Quinta-feira foi feriado. Feriado da Independência. Independência do Brasil que, antes, pertencia à colônia portuguesa. Quem acredita em regressão tem a convicção de que todas as mazelas do país são resultantes do nosso passado: fomos descobertos por um aventureiro português que, perdido em meio às suas cartas náuticas, veio ancorar – veja bem, na Bahia – sendo recebido por um bando de índios interesseiros que trocavam qualquer coisa por... espelhinhos, entre outras coisas...

Somente trezentos e vinte e dois anos depois desse fato é que veio ‘a tal da nossa independência’ de Portugal – daí o feriado da última quinta-feira. Ou seja, deixamos de ser uma província lusitana escravizada a partir do heroico brado, nem tão retumbante assim, conhecido por “Independência ou Morte” dado por Dom Pedro de Alcântara Orleans e Bragança às margens do Riacho do Ipiranga. Isso porque ele teria recebido uma carta com ordens de seu pai para que voltasse para Portugal se submetendo ao rei e às Cortes. Na verdade, eram três cartas. A segunda, assinada pelo ministro José Bonifácio, que o aconselhava a romper com Portugal e, uma terceira, da sua esposa, Maria Leopoldina, apoiando a decisão do ministro e convidando-o a discutir a relação. Dom Pedro I, na verdade, era um sósia do Tarcísio Meira, que mais tarde mudou-se para o bioma pampa assumindo o papel do Capitão Rodrigo Cambará.
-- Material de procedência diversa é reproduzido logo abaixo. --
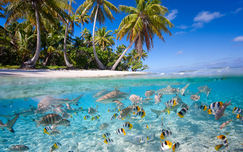 Die Malediven bestehen aus fast 2.000 kleinen Inseln, die von zahlreichen, unter Naturschutz stehenden Korallenriffen umgeben sind. Das erlaubt Tauchern und Schnorchlern einen unglaublichen Blick in die beinahe unberührte, bunte Unterwasserwelt. Im tropisch-warmen Wasser in den Atollen der Malediven leben Hunderte verschiedene Fischarten. Besonders beliebt und bekannt sind die vielen Rochenarten und Barrakudas. Daneben existieren noch viele kleinere Tiere wie Krebse, Schnecken, Anemonen und Krabben sowie farbenprächtige Korallen und Schwämme.
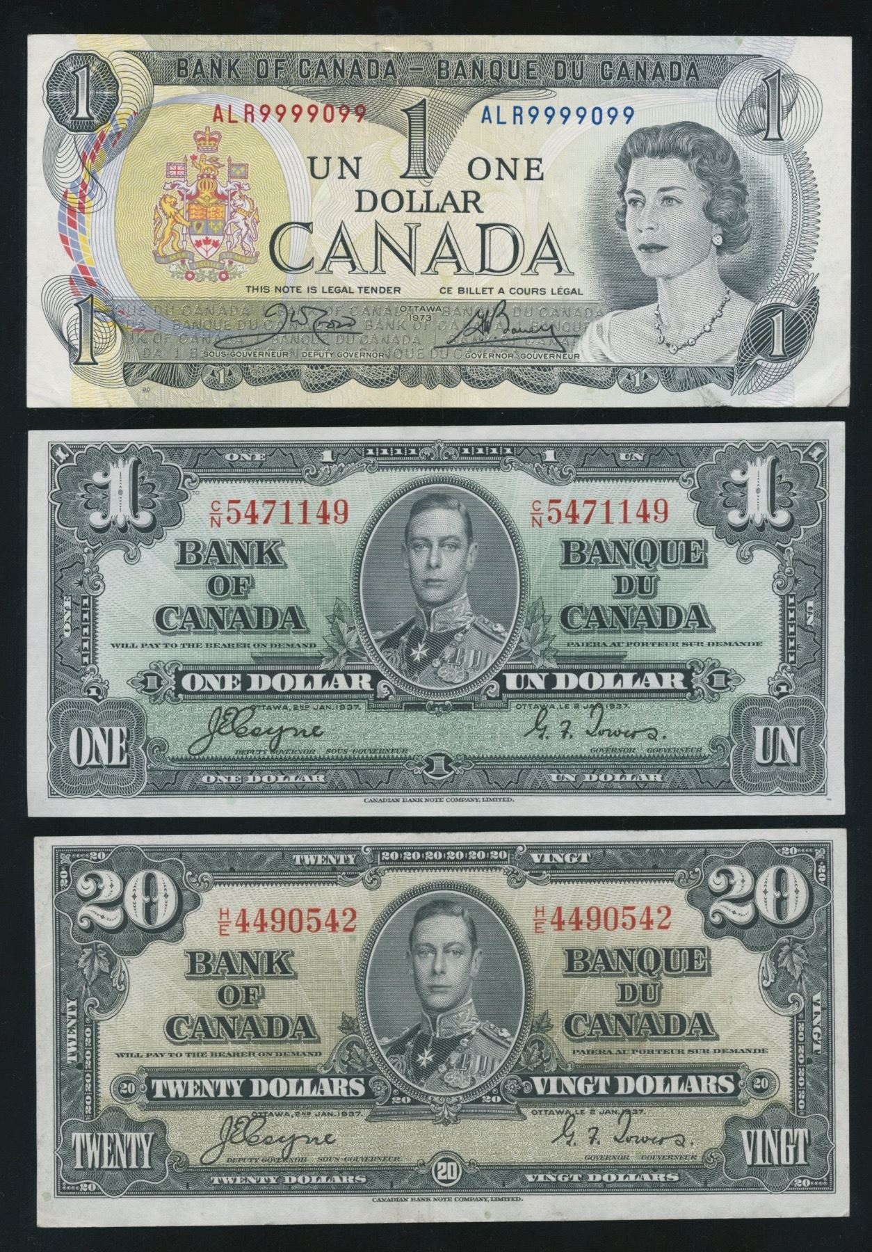 Includes: BC-21d, 1937 $1, AU. BC-25c, 1937 $20, Very Fine. Almost solid digit 1973 $1, VF, S/N: ALR9999099. 3 pcs.

Ironias a parte, espero que a história contada hoje nas escolas seja diferente daquela que aprendi lá no Otaviano no final da década de 70. Não que aquela estivesse errada. Muito pelo contrário. Refiro-me à riqueza de detalhes. E, de novo, a nossa situação enquanto país fracassado se explica. A versão que normalmente os professores contam nas aulas de história é a do cenário ilustrado pelo antológico quadro de óleo sobre tela, pintado pelo artista plástico Pedro Américo, que mostra um imperador Dom Pedro guerreiro, com cara de bravo, montado num belo cavalo alazão e erguendo altivo a sua espada com a mão direita, cercado da sua guarda de honra, também conhecida como “Dragões da Independência”. Por falar em dragões, não tem como olhar para a obra e não ver alguma semelhança com a imagem de São Jorge (aquele da Capadócia) espetando a lança no bicho...
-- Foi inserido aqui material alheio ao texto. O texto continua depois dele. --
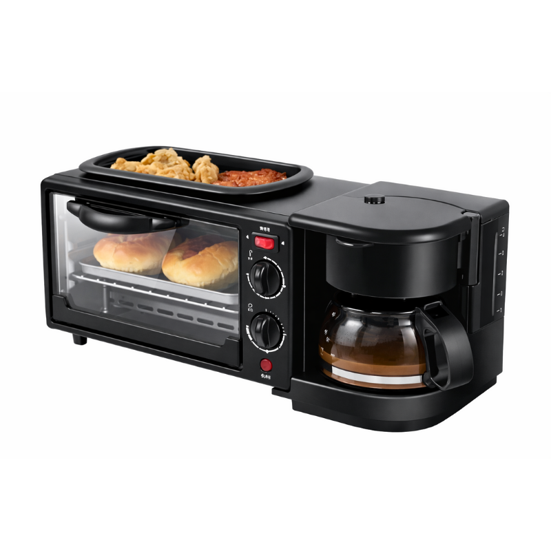 Un aparat de mic dejun 3-in-1 electric care combină funcțiile de cafetieră, prăjitor de pâine și grătare antiadherent este o soluție versatilă și practică pentru începutul perfect al zilei.

Mas parece que a coisa não brilhou tão bem assim no céu da pátria nesse instante. Em primeiro lugar, as margens plácidas do riacho do Ipiranga não passavam de um esgoto a céu aberto, muito comum naquela época assim como se mantém muito comum até hoje pelo Brasil afora. Dom Pedro I montava, ao invés de um garanhão puro sangue, uma mula. Sim, uma mula, meio de transporte mais adequado para deslocamentos em grandes distâncias na serra do mar. Os vultosos “Dragões da Independência”, mal trapilhos e mal tratados, era uma espécie de “jagunços do rei”. E, agora vem o tiro de misericórdia: naquele fatídico 7 de setembro de 1822, Dom Pedro I enfrentava uma terrível infecção intestinal desde que sua comitiva havia partido de Santos. A impiedosa e tradicional “cólica fulminante”, se é que me entendem. Pra exemplificar: o infarto fulminante dá e a pessoa morre na hora. A cólica fulminante dá e a pessoa... deixa pra lá.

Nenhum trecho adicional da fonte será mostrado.